(Supplied information Opens)
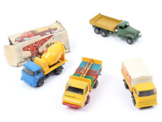 comprend : BERLIET GAK toupie à béton, STRADAIR plateau brasseur KANTERBRAU & MERCEDES plateau à ridelles bâché - on y joint un camion GMC (état 'b'-'e', carrosserie très encrassée) de la marque FRANCE JOUETS - avec manques & parties cassées
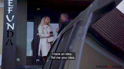 Sexy Blondine Isabelle Deltor, geht mit dem Priester zum Van, wo sie seinen Schwanz tief lutscht und ihn fickt!
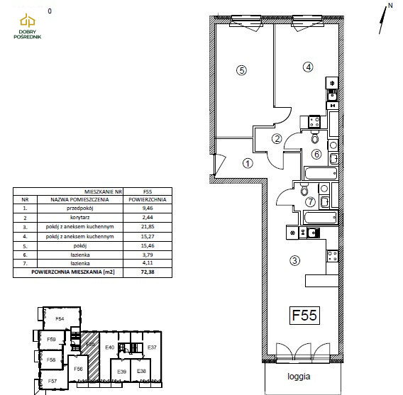 - Loggia / balkon z ekspozycją zapewniającą dobre nasłonecznienie
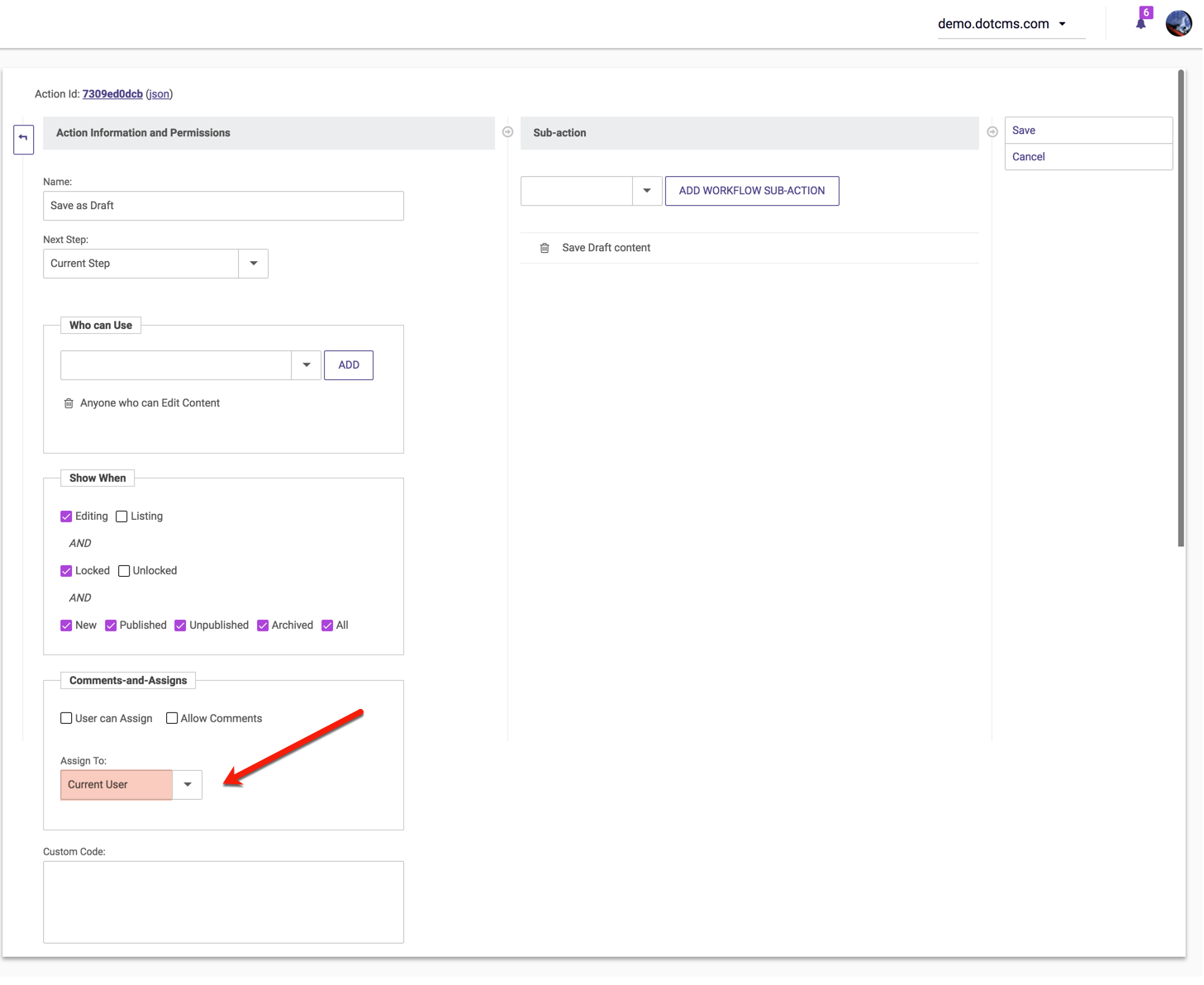 The "Current User" system role provides a mechanism within the workflow system for an object to be assigned to the user who is drafting/publishing the dotCMS asset, instead of passing the asset (via workflow), to another user or user role.
(Supplied information Closes)
**What you need to do:**
Set aside the pictures. Then return every line of the material above verbatim.

**Solution:**
 comprend : BERLIET GAK toupie à béton, STRADAIR plateau brasseur KANTERBRAU & MERCEDES plateau à ridelles bâché - on y joint un camion GMC (état 'b'-'e', carrosserie très encrassée) de la marque FRANCE JOUETS - avec manques & parties cassées
 Sexy Blondine Isabelle Deltor, geht mit dem Priester zum Van, wo sie seinen Schwanz tief lutscht und ihn fickt!
 - Loggia / balkon z ekspozycją zapewniającą dobre nasłonecznienie
 The "Current User" system role provides a mechanism within the workflow system for an object to be assigned to the user who is drafting/publishing the dotCMS asset, instead of passing the asset (via workflow), to another user or user role.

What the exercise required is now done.